Are you a fearful midwife?

I was recently reading a blog entry by Carla Hartley, who set up a distance education midwifery program in the USA. Carla talks about un-learning fear based midwifery. That caused me to reflect on my practice: am I a fearful midwife?

As you can see from my profile, I have many roles. Up until this year, I carried a small caseload as a Lead Maternity Carer. Most of my work has been done in the summer holidays so as not to interfere with my teaching responsibilities. However, last year, for the first time in over 20 years, I did not enjoy my work and dreaded phone calls in case they were my clients wanting something. I resented the questions women asked and the time I was spending with them. I found births to be incredibly stressful; I lost all confidence and any enjoyment or satisfaction I got out of my job. Hardly any of the births I attended were straight forward. The crunch came for me when I attended a home birth which I spent the whole time in a state of fear: I felt like a rabbit frozen in a car's headlights. There was no joy or excitement from the home birth which usually makes up for the more complicated births that happen in hospital and invigorates my midwifery soul. Looking back on this year, I was exhibiting all the symptoms of burnout.

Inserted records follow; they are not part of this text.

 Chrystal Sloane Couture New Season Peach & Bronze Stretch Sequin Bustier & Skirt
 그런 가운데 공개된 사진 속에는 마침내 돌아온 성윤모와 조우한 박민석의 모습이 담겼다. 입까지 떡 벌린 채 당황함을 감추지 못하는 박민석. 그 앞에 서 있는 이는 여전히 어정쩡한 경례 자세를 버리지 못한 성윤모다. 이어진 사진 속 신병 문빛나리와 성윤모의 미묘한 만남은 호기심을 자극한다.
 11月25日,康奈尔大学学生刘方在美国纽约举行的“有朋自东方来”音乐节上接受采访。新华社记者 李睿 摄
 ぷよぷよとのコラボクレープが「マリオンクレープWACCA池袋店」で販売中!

So how did I get to this state: an experienced midwife who is 100% committed to women, birth and midwifery? How could I keep faith with students when I had lost the 'spark' that was so necessary to be able to practice as a midwife; when I did not want to be a midwife any more?

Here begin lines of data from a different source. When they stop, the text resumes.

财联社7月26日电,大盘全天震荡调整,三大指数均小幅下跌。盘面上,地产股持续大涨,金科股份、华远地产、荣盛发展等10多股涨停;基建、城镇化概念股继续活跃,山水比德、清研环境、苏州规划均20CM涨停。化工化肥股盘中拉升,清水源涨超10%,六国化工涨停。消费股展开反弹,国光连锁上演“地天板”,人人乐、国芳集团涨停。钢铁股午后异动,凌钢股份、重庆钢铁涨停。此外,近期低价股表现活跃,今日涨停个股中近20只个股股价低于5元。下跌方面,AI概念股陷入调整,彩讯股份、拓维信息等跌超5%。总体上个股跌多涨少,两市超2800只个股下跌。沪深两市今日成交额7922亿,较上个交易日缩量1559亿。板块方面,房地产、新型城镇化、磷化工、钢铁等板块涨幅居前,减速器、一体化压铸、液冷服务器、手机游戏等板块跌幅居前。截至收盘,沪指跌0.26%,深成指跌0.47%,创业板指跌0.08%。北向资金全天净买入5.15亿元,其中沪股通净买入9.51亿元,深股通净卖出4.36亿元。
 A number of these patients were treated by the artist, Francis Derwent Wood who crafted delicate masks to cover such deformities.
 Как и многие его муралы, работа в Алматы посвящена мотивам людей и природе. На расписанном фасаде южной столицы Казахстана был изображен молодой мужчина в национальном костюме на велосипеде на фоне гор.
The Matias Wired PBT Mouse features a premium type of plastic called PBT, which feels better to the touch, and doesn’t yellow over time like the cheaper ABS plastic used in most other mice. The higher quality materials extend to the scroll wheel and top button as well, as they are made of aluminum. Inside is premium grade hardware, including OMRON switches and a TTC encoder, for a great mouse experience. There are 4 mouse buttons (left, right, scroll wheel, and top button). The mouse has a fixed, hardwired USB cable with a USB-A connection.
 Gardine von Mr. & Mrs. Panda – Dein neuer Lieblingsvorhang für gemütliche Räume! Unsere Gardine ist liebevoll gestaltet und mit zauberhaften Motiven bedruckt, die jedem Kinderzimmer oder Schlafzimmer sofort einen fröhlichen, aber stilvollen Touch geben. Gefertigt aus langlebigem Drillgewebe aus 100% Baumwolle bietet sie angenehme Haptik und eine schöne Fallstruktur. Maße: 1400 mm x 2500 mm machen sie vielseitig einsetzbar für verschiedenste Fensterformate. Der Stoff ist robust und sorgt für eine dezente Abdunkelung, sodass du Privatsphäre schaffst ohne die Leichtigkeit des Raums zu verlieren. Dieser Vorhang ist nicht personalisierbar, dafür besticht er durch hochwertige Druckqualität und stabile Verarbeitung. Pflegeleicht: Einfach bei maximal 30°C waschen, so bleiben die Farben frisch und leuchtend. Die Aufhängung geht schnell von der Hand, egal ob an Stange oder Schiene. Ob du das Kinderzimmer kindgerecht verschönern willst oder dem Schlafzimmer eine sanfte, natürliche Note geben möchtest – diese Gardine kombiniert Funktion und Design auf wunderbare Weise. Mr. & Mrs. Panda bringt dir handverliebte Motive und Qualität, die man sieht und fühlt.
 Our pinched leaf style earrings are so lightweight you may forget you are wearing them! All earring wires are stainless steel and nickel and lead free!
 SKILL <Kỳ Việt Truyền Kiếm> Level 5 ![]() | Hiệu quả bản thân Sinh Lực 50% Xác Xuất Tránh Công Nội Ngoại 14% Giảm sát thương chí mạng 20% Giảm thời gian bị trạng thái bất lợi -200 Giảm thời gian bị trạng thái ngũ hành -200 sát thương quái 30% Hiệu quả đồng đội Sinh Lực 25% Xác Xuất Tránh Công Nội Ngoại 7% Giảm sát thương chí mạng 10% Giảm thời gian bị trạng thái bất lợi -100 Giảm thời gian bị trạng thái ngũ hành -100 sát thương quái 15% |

One of the major contributing factors was the various legal cases that were going on at the time, which led to a concentrated attack on midwives by the media in New Zealand. Whilst midwifery leaders rightly exhorted us to continue with 'business as usual' there was no doubt that the issues brought up by the press impacted on my personal beliefs about midwifery. How could I offer a service that would meet a woman's needs yet keep myself safe as a health professional? I have no doubt that my fears about litigation had an impact, with the effect that I was far more 'conservative' in my approach than I normally would be. By this, I mean that I was quicker to refer to obstetricians which in turn resulted in medical intervention. Whilst this may have been justified, it resulted in a further loss of confidence.

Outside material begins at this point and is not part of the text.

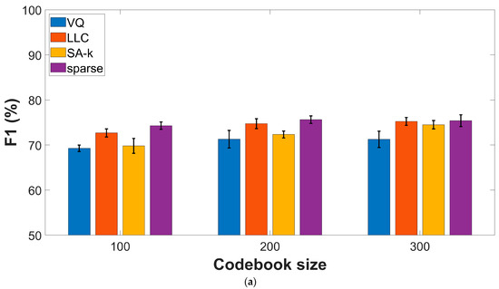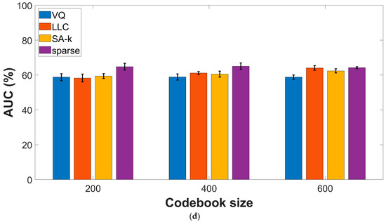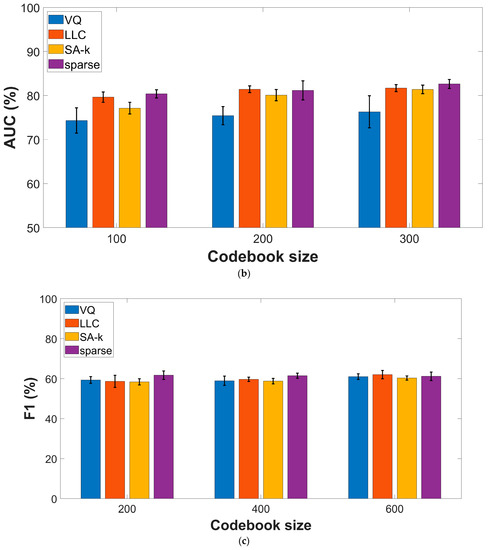 Figure 3 presents comparative AUC and F1 scores for the four feature extraction methods described in the previous section. All experiments considered the sparse encoding procedure based on the online algorithm introduced in [29], with a varying number of codewords. A five-fold cross-validation was performed, and each experiment was repeated ten times to compensate for possible bias in the data-splitting procedure. Performance metrics are reported regarding average values ± standard deviation across all experiments.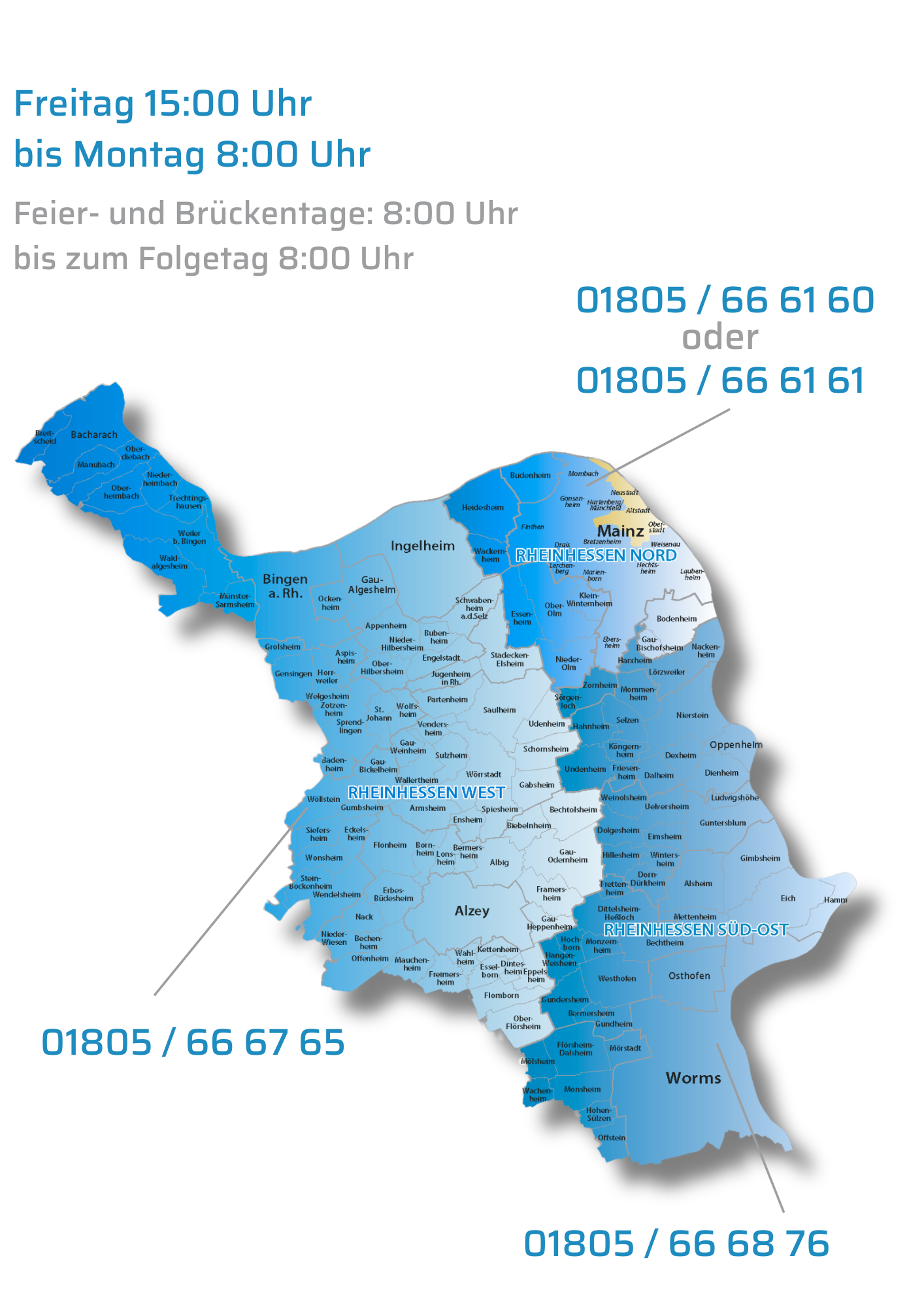 Patienten wohnhaft im Notdienstkreis Rheinhessen Nord (siehe Liste der Orte unten) erreichen den notdiensthabenden Zahnarzt zu den oben genannten Zeiten unter der Rufnummer

My own personal workload was another contributing factor: it is not easy being a midwifery educator with the tensions of managing teaching, research, updating qualifications and clinical practice. A further factor was (and is) a chronic back condition. After many years of lifting clients, bending over breastfeeding women, bending over birthing pools and long hours in non-ergonomic positions, I have a vulnerable back and sciatica. Working with women when they are in labour, especially when it is a long labour, sets off my pain. Those people who have chronic back pain will know how much it wears one down and how challenging it is to manage.

Feeling the love?
So, how do I get my midwifery mo-jo back? Firstly, I think it is really important to recognise that it is 'normal' to have times when one doesn't want to do the job, as I have eluded to in other posts. Going back to Carla Hartley, she talks about her belief in normal birth which was supported by several mentors or people who influenced her practice. I believe that maintaining one's belief in normal birth is vital and developing strategies for doing that, whatever the context in which one practices as a midwife. Alongside that is having a mentor or wise woman/person, or similar person who helps to guide and sustain, or be a resource person or adviser. Mentoring or supervision, I believe, isn't just for new graduates but for all midwives, be it in an informal or formal context. I am very blessed to be working with a group of educators who are very firmly grounded in midwifery. They challenge me, but in a way that sustains me when I have my moments of doubt and disbelief. I am truly blessed to know these women (they'll wonder what I've been drinking when they read this!). I also agree with Joan Skinner when she says that rather than going straight to medical staff for advice, first turn to colleagues especially experienced midwives who are likely to be able to help with alternatives to medical interventions. That leaves those of us who are more experienced to make sure we are approachable, especially to new graduates.

Working with midwifery students
I am also very thankful to the students I work with, both in the academic and clinical environment. They are also challenging which can be quite intimidating at times, but that makes me think and helps me clarify things that I may not have thought about for some time. They also have a joy and sense of purpose that invigorates me, and they see things in an uncomplicated way that brings me back to the basics of why I am a midwife; they remind me of the joys of being a midwife because they are not bogged down with things that actually do not matter in the grand scheme of things. For those of you midwives who are thinking abut working with students, I urge you to do so. Yes, it can be hard work at times but it is also very stimulating and extremely rewarding.

Evidence-based practice
One of the things I have done is read about the effect of the media on clinical practice and I found an article written by a midwife called Andrew Symon to be very useful. Andrew urges midwives to be strong and not to let the threat of trial by media to influence practice, pushing them into non evidence-based actions. This emphases the importance of being up to date and clear about evidence-based practice; being able to critique research and policy as well as being self-reflective and questioning. Another great resource is the book Andrew edited called "Risk and choice in maternity care". The book looks at the concept of risk in maternity care and the effect it has on women's choices and midwifery practice.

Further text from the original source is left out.